*** Input
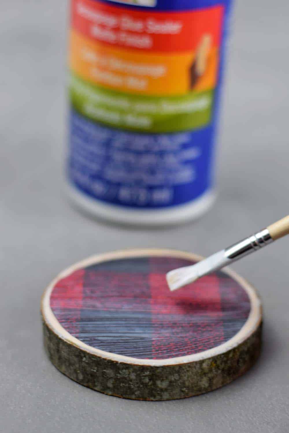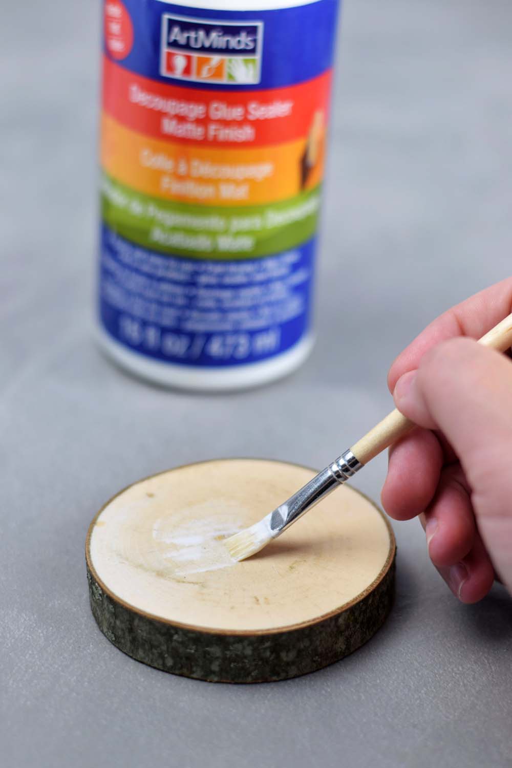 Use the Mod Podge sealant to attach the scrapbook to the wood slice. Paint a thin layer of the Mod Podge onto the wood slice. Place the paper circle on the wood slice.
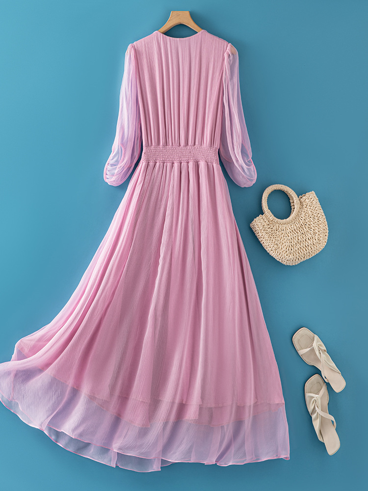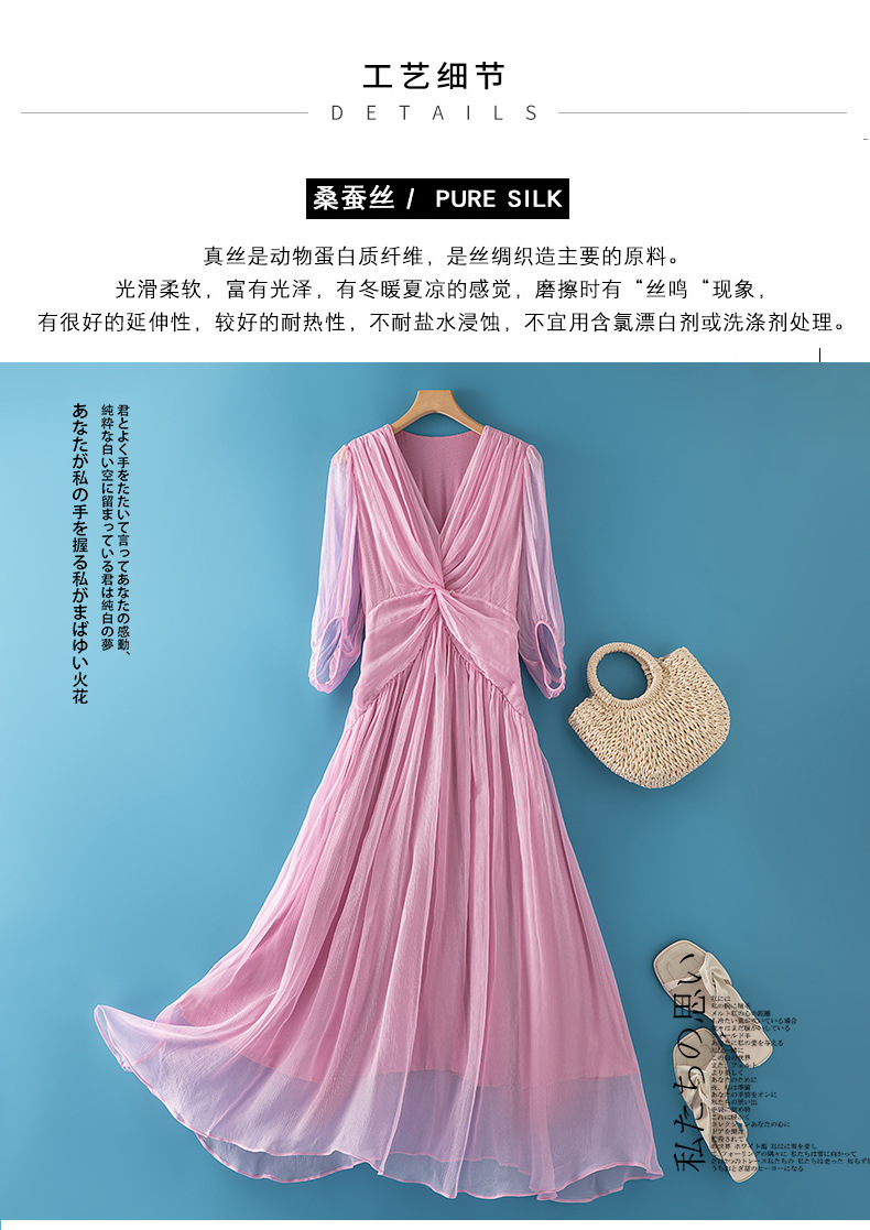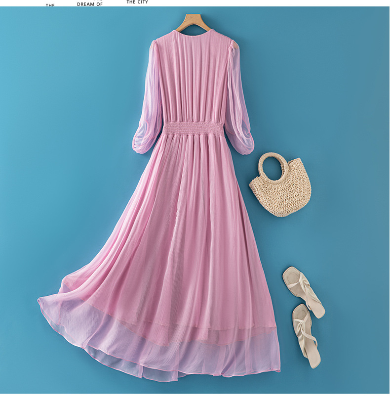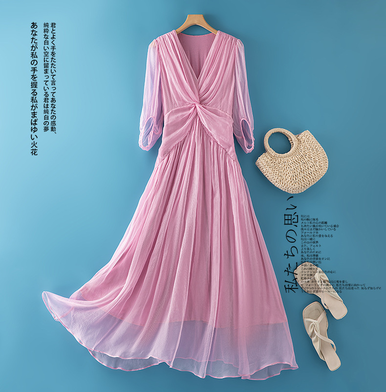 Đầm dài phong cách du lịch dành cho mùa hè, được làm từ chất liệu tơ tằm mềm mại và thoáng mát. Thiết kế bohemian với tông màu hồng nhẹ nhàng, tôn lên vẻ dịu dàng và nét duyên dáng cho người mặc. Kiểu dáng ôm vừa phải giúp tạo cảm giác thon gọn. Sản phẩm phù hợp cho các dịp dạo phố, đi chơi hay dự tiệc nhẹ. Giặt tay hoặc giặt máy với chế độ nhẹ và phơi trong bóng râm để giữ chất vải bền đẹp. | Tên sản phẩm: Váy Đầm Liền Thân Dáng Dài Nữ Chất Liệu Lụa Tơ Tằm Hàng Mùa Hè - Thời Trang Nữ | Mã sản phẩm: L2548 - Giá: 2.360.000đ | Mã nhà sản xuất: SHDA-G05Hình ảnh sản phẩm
******
*** Input
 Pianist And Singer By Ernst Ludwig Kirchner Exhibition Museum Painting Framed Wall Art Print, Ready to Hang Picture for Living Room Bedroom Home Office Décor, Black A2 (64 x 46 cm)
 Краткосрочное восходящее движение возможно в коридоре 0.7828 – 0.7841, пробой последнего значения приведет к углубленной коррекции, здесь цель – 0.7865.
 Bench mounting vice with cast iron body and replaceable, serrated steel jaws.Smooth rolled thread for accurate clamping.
******
# [About this exercise]
After locating "Use the Mod" and "Đầm dài phong" in the records above, return exactly the line holding each one and every line between them; leave out the pictures.

# [Solution]
 Use the Mod Podge sealant to attach the scrapbook to the wood slice. Paint a thin layer of the Mod Podge onto the wood slice. Place the paper circle on the wood slice.
 Đầm dài phong cách du lịch dành cho mùa hè, được làm từ chất liệu tơ tằm mềm mại và thoáng mát. Thiết kế bohemian với tông màu hồng nhẹ nhàng, tôn lên vẻ dịu dàng và nét duyên dáng cho người mặc. Kiểu dáng ôm vừa phải giúp tạo cảm giác thon gọn. Sản phẩm phù hợp cho các dịp dạo phố, đi chơi hay dự tiệc nhẹ. Giặt tay hoặc giặt máy với chế độ nhẹ và phơi trong bóng râm để giữ chất vải bền đẹp. | Tên sản phẩm: Váy Đầm Liền Thân Dáng Dài Nữ Chất Liệu Lụa Tơ Tằm Hàng Mùa Hè - Thời Trang Nữ | Mã sản phẩm: L2548 - Giá: 2.360.000đ | Mã nhà sản xuất: SHDA-G05Hình ảnh sản phẩm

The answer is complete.